Officials at Bloomsburg University in Pennsylvania say they are trying to do a better job helping veterans transition from military life to campus life. (Jaime North/Bloomsburg University)
BLOOMSBURG, PA. — Brian Bengier spent 10 months in Afghanistan in 2008, serving in the National Guard as an infantry soldier until an improvised explosive device exploded 15 feet from the truck he was in, riddling his body with injuries.
Back home in Millville, Pa., he found himself wishing for more help adjusting to civilian life.
So today, he’s a full-time freshman at Bloomsburg University, pursuing a degree he hopes will lead to opportunities to counsel others returning from war.
He was glad to find BU’s Student Veterans Association, where he could talk with fellow service members.
Sometimes, the 32-year-old has trouble fitting in with the 18-year-olds in his classes.
“I had one professor talking about 9/11, and some of the students just looked dumbfounded,” he said.

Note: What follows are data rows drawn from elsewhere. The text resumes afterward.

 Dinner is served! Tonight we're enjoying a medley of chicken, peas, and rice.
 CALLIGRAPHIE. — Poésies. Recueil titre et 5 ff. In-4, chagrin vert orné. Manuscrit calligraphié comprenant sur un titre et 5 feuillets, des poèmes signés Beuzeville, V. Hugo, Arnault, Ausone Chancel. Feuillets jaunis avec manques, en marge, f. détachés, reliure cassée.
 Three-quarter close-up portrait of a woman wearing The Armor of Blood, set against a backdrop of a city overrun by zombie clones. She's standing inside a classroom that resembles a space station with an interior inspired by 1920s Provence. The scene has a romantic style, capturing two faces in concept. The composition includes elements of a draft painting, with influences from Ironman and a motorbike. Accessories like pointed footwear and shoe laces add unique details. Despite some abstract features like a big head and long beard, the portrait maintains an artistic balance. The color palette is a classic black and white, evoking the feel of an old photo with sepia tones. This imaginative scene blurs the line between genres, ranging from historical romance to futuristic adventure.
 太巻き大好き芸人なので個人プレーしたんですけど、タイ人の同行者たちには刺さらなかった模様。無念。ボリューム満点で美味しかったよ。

Bengier is one of more than 210 students here who are veterans, receiving veterans benefits, or in the ROTC. BU is trying to do a better job helping them transition from military life to campus life.
“In the military, you know when you have to be someplace, where you have to be and what you’re supposed to be doing,” said Bob Heckrote, a graduate assistant in the veteran affairs office. “Here, it’s not nearly as structured.”

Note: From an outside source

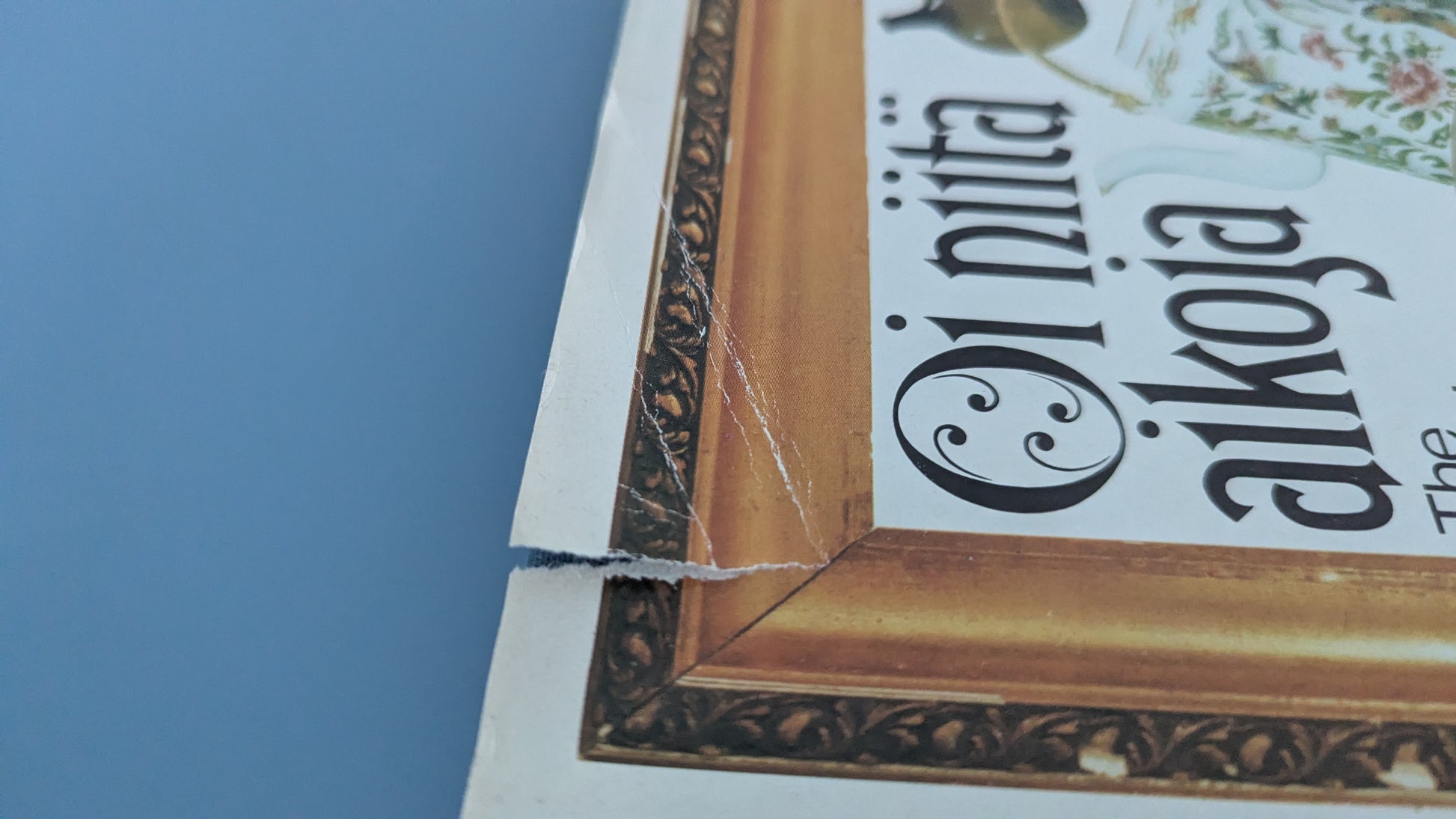 Paperikansissa pieni repeämä, mikä näkyy viimeisessä kuvassa. Muuten ei repeämiä tai taitoksia.

Heckrote’s position has existed since the summer. He’s set up a veterans’ lounge at the Student Services Center and is assisting the Student Veterans Association with community service projects.
BUSVA and Heckrote have also organized lunches where veteran students can network with veteran faculty and staff.
There are many faces of the military at BU. Some are like Bengier — soldiers, sailors, airmen and Marines who have served in Afghanistan or Iraq and have returned home.
One man served in the Army for nearly 20 years, retired, and is now looking to learn a new craft, Heckrote said.
Others are younger members of the ROTC or reserves.
Heckrote, who served in both Iraq and Afghanistan with the Army National Guard, said part of his job is also dispelling some of the stereotypes about soldiers.
“We don’t all have PTSD and aren’t all alcoholics,” he said. “There’s a whole spectrum of good and bad, just like the whole population.”
Ben Otterbein, Student Veterans Association president, said his group has been reaching out to the community by participating in Relay for Life and raising money for the Wounded Warrior Project.
BU is trying to meet vets’ needs at a time when many soldiers might be considering their next steps, Heckrote said.
And Heckrote and Otterbein say they’re working to make BU even more welcoming to veterans.